Isaac looked from one of us to the other, part of him wanting desperately to believe that it could be over so easily, part of him disgusted with what was obviously a sham.

“See?” I said. “Mama and Daddy are all made up.”

“For good?” Isaac whispered.

“Of course.”

“For forever?”

“Of course.”

Peter said, “That doesn’t mean we’re not going to fight again, bud. That happens, God knows. Especially when a person is married to someone like your mother. But I’m going to try to be more patient in the future.”

I opened my mouth, all set to resume with a fresh blast of fury, but caught myself in time. Peter smiled at me and mouthed the words, “I’m sorry.”

I saw him then, as I hadn’t for the past few minutes. It’s strange what happens when we fight. When we argue it’s as though I am no longer able to recognize that standing before me is the person I love. Instead, I see only this opponent. Now, suddenly, when he made a joke and whispered a real apology, the red haze lifted from my eyes and I could recognize him again.

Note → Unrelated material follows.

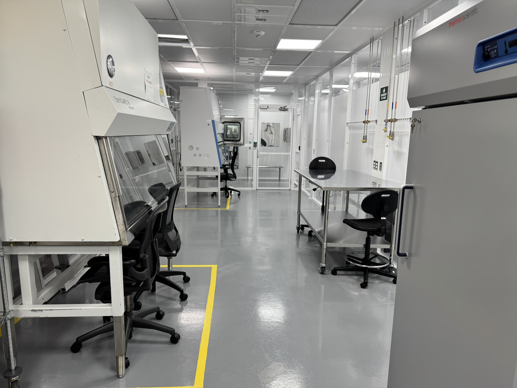 The facility features eight ISO 7/8 cleanrooms, card-access client offices, GMP warehousing and amenities designed for focus and flexibility.

“I love you,” I said. This time there was no falseness in my tone.

“Me, too.”

“Me, too,” Isaac interjected.

“Bedtime for you, my friend,” I said as I heaved him up into my arms. “And for me, too.”

“Juliet, why don’t we all go with you?” Peter said as he walked us down the hall to Isaac’s bedroom. “There’s an animation studio up near San Francisco that’s in the running for the TV series. I wouldn’t mind checking out their setup. And the kids have never been to San Francisco. We can ride the cable car.”

“What about school?” I said.

“So they’ll miss coloring and Legos for a couple of days. It won’t kill them.”

I rested my cheek against the top of Isaac’s head. “Okay,” I said. “I’ll go online and find a hotel as soon as I get him to sleep.”